## Task directions
Output all entries precisely and leave out the pictures.

BEGIN

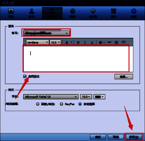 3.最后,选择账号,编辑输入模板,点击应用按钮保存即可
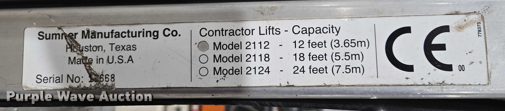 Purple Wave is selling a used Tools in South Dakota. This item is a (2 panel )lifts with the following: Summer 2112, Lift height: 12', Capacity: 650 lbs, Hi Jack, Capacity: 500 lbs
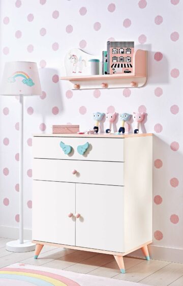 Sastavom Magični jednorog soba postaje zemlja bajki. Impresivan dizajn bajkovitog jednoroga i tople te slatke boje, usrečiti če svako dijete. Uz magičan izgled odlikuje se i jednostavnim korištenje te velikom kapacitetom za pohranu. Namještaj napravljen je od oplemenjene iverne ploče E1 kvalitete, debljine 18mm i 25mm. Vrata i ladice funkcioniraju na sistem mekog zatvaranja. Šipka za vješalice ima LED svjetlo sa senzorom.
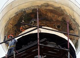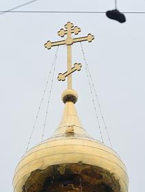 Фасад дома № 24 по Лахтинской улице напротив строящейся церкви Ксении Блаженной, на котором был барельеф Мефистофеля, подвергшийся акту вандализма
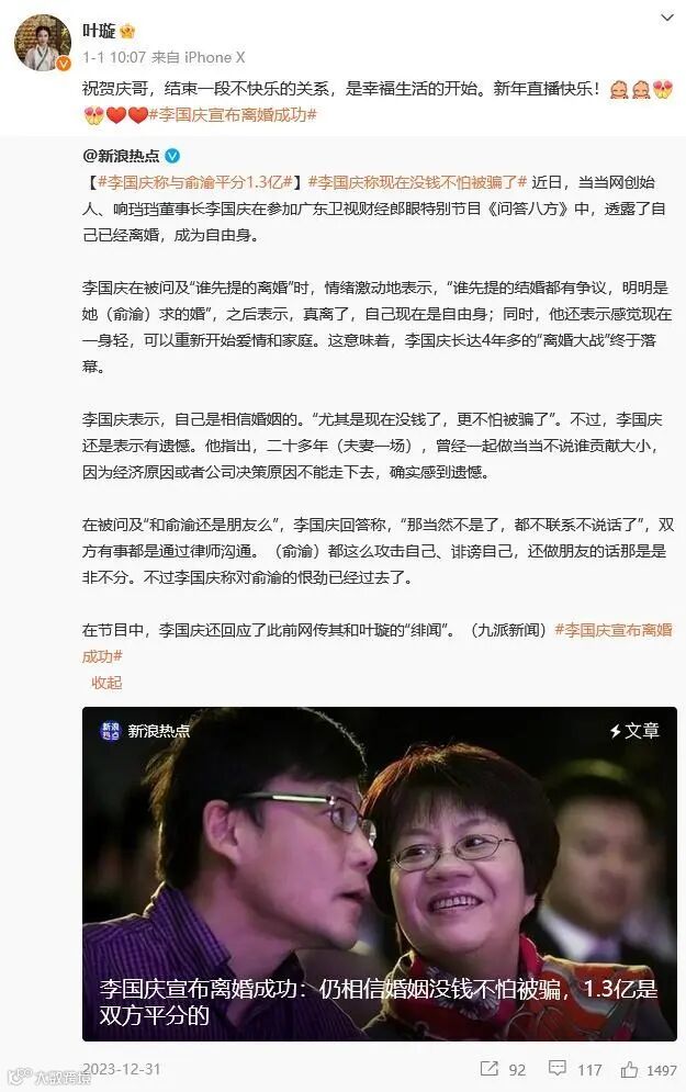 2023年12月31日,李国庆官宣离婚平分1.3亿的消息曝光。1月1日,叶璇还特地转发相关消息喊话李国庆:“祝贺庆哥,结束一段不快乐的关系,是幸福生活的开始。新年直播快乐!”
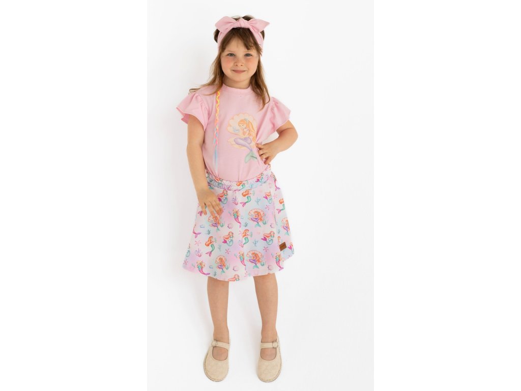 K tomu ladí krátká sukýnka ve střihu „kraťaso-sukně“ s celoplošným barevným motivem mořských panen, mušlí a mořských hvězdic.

END

## Result for this task
 3.最后,选择账号,编辑输入模板,点击应用按钮保存即可
 Purple Wave is selling a used Tools in South Dakota. This item is a (2 panel )lifts with the following: Summer 2112, Lift height: 12', Capacity: 650 lbs, Hi Jack, Capacity: 500 lbs
 Sastavom Magični jednorog soba postaje zemlja bajki. Impresivan dizajn bajkovitog jednoroga i tople te slatke boje, usrečiti če svako dijete. Uz magičan izgled odlikuje se i jednostavnim korištenje te velikom kapacitetom za pohranu. Namještaj napravljen je od oplemenjene iverne ploče E1 kvalitete, debljine 18mm i 25mm. Vrata i ladice funkcioniraju na sistem mekog zatvaranja. Šipka za vješalice ima LED svjetlo sa senzorom.
 Фасад дома № 24 по Лахтинской улице напротив строящейся церкви Ксении Блаженной, на котором был барельеф Мефистофеля, подвергшийся акту вандализма
 2023年12月31日,李国庆官宣离婚平分1.3亿的消息曝光。1月1日,叶璇还特地转发相关消息喊话李国庆:“祝贺庆哥,结束一段不快乐的关系,是幸福生活的开始。新年直播快乐!”
 K tomu ladí krátká sukýnka ve střihu „kraťaso-sukně“ s celoplošným barevným motivem mořských panen, mušlí a mořských hvězdic.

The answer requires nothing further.